The plasma collisionality $\nu^*$ is defined as
$$\nu^* = \nu_\mathrm{ei} \, \sqrt{\frac{m_\mathrm{e}}{k_\mathrm{B} T_\mathrm{e}}} \, \varepsilon^{-\frac{3}{2}} \, qR,$$
where $\nu_\mathrm{ei}$ denotes the electron-ion collision frequency, $R$ is the major radius of the plasma, $\varepsilon$ is the inverse aspect-ratio, and $q$ is the safety factor. The plasma parameters $m_\mathrm{i}$ and $T_\mathrm{i}$ denote, respectively, the mass and temperature of the ions, and $k_\mathrm{B}$ is the Boltzmann constant.

==Electron temperature==
Temperature is a statistical quantity whose formal definition is
$$T = \left(\frac{\partial U}{\partial S}\right)_{V,N},$$
or the change in internal energy with respect to entropy, holding volume and particle number constant. A practical definition comes from the fact that the atoms, molecules, or whatever particles in a system have an average kinetic energy. The average means to average over the kinetic energy of all the particles in a system.
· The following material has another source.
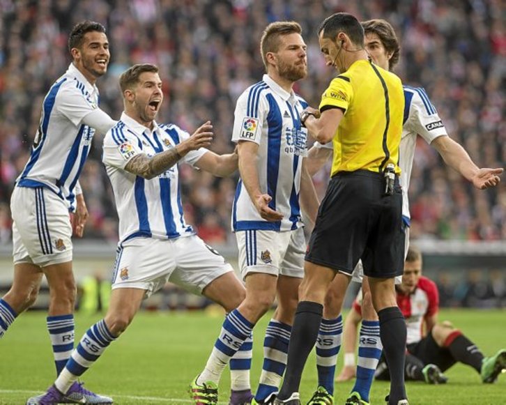 «Ganar es mejor que empatar y empatar es mejor que perder», decía ese ‘refranero de la pelota’ que era Vujadin Boskov. El Athletic, ayer, nunca estuvo en disposición de lo primero, ganar, y apenas sí le dieron las ideas para lo segundo, empatar. Porque enfrente tuvo a una buena Real, plantada, con la lección bien aprendida, de subidón, que fue superior hasta que se adelantó en el marcador para después nadar y guardar la ropa con solvencia, sin conceder apenas un solo disparo a puerta de los bilbainos entre los tres palos. Una Real a la que el Athletic nunca supo cómo hincar el diente, por dónde atacar, dónde detectar su debilidad, un querer y no saber preocupante. Y para rematar esa inoperancia, los bilbainos jugaron desquiciados por un señor de Murcia, trencilla del encuentro, al que, según se quejaría después Munian, en caliente, «le vino grande el partido».

If the velocities of a group of electrons, e.g., in a plasma, follow a Maxwell–Boltzmann distribution, then the electron temperature is defined as the temperature of that distribution. For other distributions, not assumed to be in equilibrium or have a temperature, two-thirds of the average energy is often referred to as the temperature, since for a Maxwell–Boltzmann distribution with three degrees of freedom, $\langle E \rangle = \frac 3 2 \, k_\text{B} T$.

The SI unit of temperature is the kelvin (K), but using the above relation the electron temperature is often expressed in terms of the energy unit electronvolt (eV). Each kelvin (1 K) corresponds to 8.617333262×10^-5 eV; this factor is the ratio of the Boltzmann constant to the elementary charge. Each eV is equivalent to 11,605 kelvins, which can be calculated by the relation $\langle E \rangle = k_\text{B} T$.

The electron temperature of a plasma can be several orders of magnitude higher than the temperature of the neutral species or of the ions. This is a result of two facts. Firstly, many plasma sources heat the electrons more strongly than the ions. Secondly, atoms and ions are much heavier than electrons, and energy transfer in a two-body collision is much more efficient if the masses are similar. Therefore, equilibration of the temperature happens very slowly, and is not achieved during the time range of the observation.